Roma Green Finance Authorizes $100 Million Share Repurchase Program

ROMA
March 30, 2026

Roma Green Finance Limited (NASDAQ: ROMA) has authorized a share repurchase program that can buy back up to US$100 million of its Class A Ordinary Shares. The program is effective immediately and will remain in place through December 31, 2028, unless the board decides to modify, suspend, or terminate it. The company will fund the buybacks from its existing cash balance and may execute purchases through open‑market transactions, private negotiations, block trades, or other legally permissible means, giving it flexibility to respond to market conditions and liquidity.

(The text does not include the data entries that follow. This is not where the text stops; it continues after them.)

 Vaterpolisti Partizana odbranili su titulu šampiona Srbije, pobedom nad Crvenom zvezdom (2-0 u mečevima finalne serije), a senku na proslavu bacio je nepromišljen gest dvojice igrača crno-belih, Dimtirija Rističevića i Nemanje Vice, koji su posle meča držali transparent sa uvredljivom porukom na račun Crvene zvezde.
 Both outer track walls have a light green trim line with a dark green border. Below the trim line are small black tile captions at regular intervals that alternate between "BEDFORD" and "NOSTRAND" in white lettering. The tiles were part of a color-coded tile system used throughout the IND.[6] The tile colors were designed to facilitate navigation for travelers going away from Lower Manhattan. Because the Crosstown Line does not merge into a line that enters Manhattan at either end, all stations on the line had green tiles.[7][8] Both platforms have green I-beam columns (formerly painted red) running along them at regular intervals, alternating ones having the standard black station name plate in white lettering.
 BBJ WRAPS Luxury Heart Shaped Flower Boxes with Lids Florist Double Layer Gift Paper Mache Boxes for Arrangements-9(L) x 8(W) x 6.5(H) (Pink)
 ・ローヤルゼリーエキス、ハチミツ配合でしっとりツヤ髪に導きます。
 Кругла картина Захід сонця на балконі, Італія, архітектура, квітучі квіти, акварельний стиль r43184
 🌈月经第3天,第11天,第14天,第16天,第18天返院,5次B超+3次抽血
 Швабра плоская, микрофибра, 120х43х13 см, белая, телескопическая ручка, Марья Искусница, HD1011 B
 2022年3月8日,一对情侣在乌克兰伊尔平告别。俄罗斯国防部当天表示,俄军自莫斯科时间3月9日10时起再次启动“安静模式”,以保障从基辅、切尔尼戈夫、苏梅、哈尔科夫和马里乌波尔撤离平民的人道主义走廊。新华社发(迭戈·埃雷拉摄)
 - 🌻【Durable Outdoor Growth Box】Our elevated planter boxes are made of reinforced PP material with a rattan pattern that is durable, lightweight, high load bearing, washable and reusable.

Roma Green Finance is a provider of ESG, corporate governance, and sustainability advisory services. The company’s market capitalization is approximately $375 million as of March 30, 2026. Over the last twelve months, revenue grew 60% to $1.64 million, but the company reported a loss of $0.12 per share, indicating it remains unprofitable. Cash reserves exceed short‑term debt, yet the company received a Nasdaq deficiency notice regarding the minimum bid price requirement, underscoring ongoing listing compliance concerns.

The buyback program is intended to provide strategic flexibility and support the company’s capital structure. By repurchasing shares from cash, Roma Green Finance can reduce equity dilution without increasing leverage, signaling management’s confidence in the firm’s cash‑flow generation and long‑term prospects. The program’s discretionary nature means the board can choose the timing and volume of repurchases based on market conditions and the company’s financial position.

The board will review the program periodically and may adjust its terms, suspend it, or terminate it at any time without prior notice. Repurchases can be conducted via open‑market transactions, private negotiations, block trades, or other permissible methods, allowing the company to tailor its execution strategy to prevailing market liquidity and pricing.

Additional context includes a scheduled extraordinary general meeting for a potential share consolidation, ongoing valuation concerns relative to fair‑value estimates, and significant historical volatility in the company’s share price. The announcement of the buyback program was identified as the primary driver of market reaction, reflecting investor interest in the company’s capital‑allocation strategy and its implications for shareholder value.